Our results are useful for investors who need to obtain reliable information on the response of the future path of heating oil price fluctuations to changes in climate patterns for portfolio management and hedging decisions. Our results also have implications from the context of “sustainability"; in this case related to the environment. Note that La Niña phases lead to a greater demand for heating oil, and hence drive the volatility of heating oil price. Now, the rise in heating oil demand is expected to cause an increase in the emissions of carbon dioxide, which is known to result in global warming [49,50,51,52]. The implication of this is that the warming of the ocean’s surface is faster than the subsurface, which is likely to induce occurrences of the El Niño phenomena [53]. In this regard, the National Oceanic and Atmospheric Management Climate Prediction Center states that global warming makes the extreme weather more severe, including an increase in the frequency of the super El Niño phenomenon. Therefore, there is a close feedback relationship between the El Niño phenomenon and the movements in prices in the heating oil market, resulting from its high demand due to La Niña phases.
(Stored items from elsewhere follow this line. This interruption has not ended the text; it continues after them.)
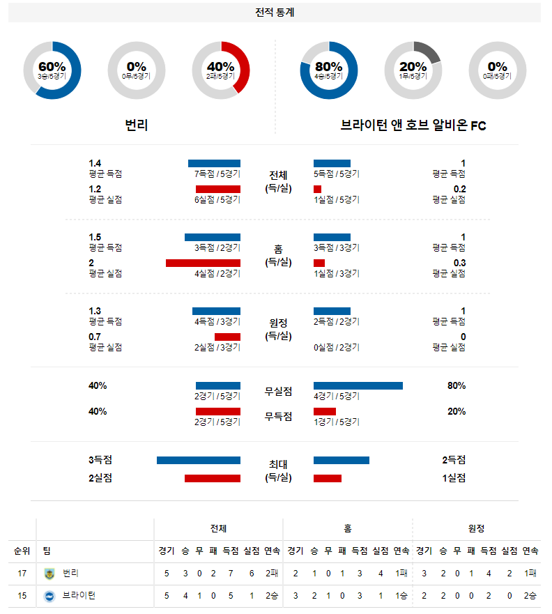 1. 최근 6경기 맞대결 : 6전 2승 3무 1패 6득점 4실점 (번리 우세)
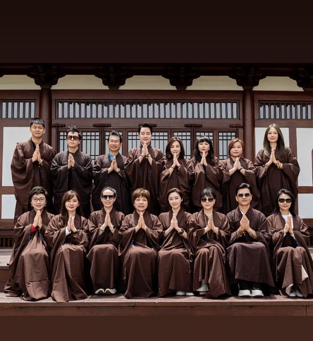 張玉珊並非獨自一人前往,她的現任男友盧啟賢也在場相伴,不過合照的時候兩人並沒一起,盧啟賢站在第二排,張玉珊站在前排,與大家一樣雙手合十,表現虔誠。同行的還有呂良偉楊小娟夫婦,在合照中呂良偉最搶鏡,因為他總是戴著墨鏡,看起來就是與眾不同,加之身材也高挑,就更顯眼。而呂良偉的太太楊小娟也很好認,她一身富態,又拎著名牌包包,重點是總是站在C位,給人的感覺就是低調之中也顯露奢華感。相對而言,張玉珊是真低調,不過她氣質很好,一頭短髮很清爽,真是保養得宜,不站C位也搶鏡。
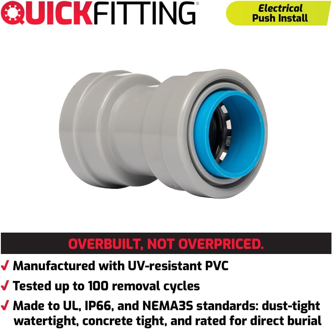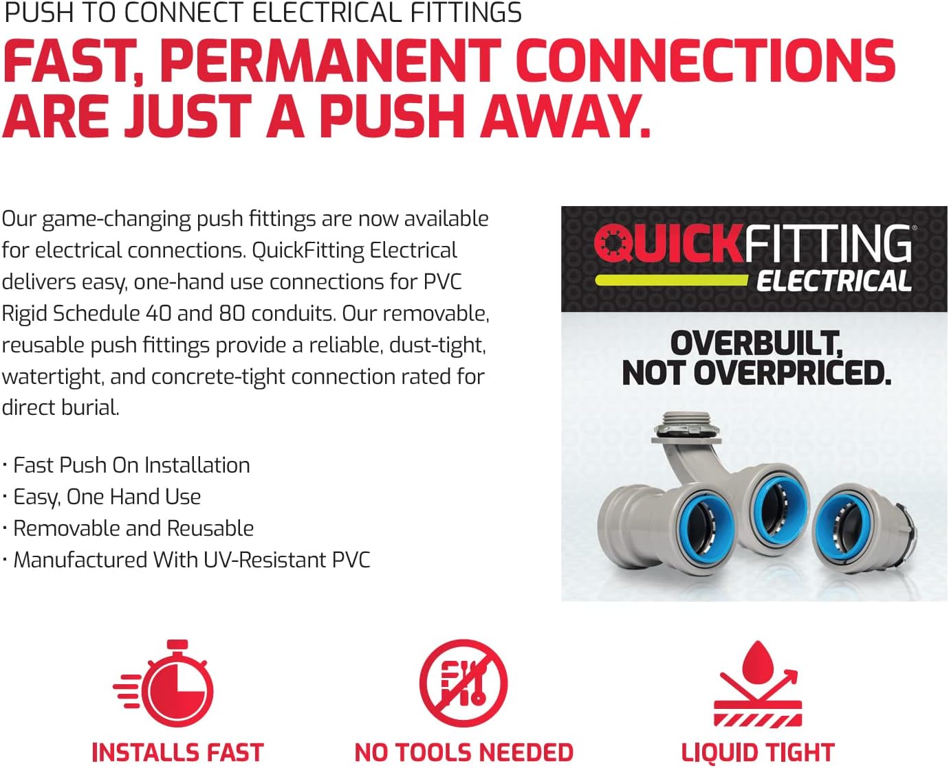 PUSH INSTALL CONDUIT COUPLING; QuickFitting Electrical connectors are designed with ease of use in mind; they deliver fast, clean, and easy, one-hand connections for PVC Rigid Schedule 40 and 80 conduits backed by our 5-year warranty

Naturally, policy authorities need to ensure stability in the price of the heating oil market, which would only be possible if the demand is kept from fluctuating wildly in the wake of La Niña events, and this would entail investing more in greener, more sustainable and renewable energy sources such as solar, wind, hydro, ocean, geothermal, biomass and hydrogen.

In future research, it will be interesting to build on our empirical research and examine how the returns and the realized variance of the prices of non-energy (for example, agricultural) commodities respond to El Niño and La Niña phases, and whether these phases help to forecast price movements. Such a forecasting exercise for the returns and the variance should be particularly useful for policymakers in developing countries, and in countries whose exports consist, to a large extent, of agricultural commodities.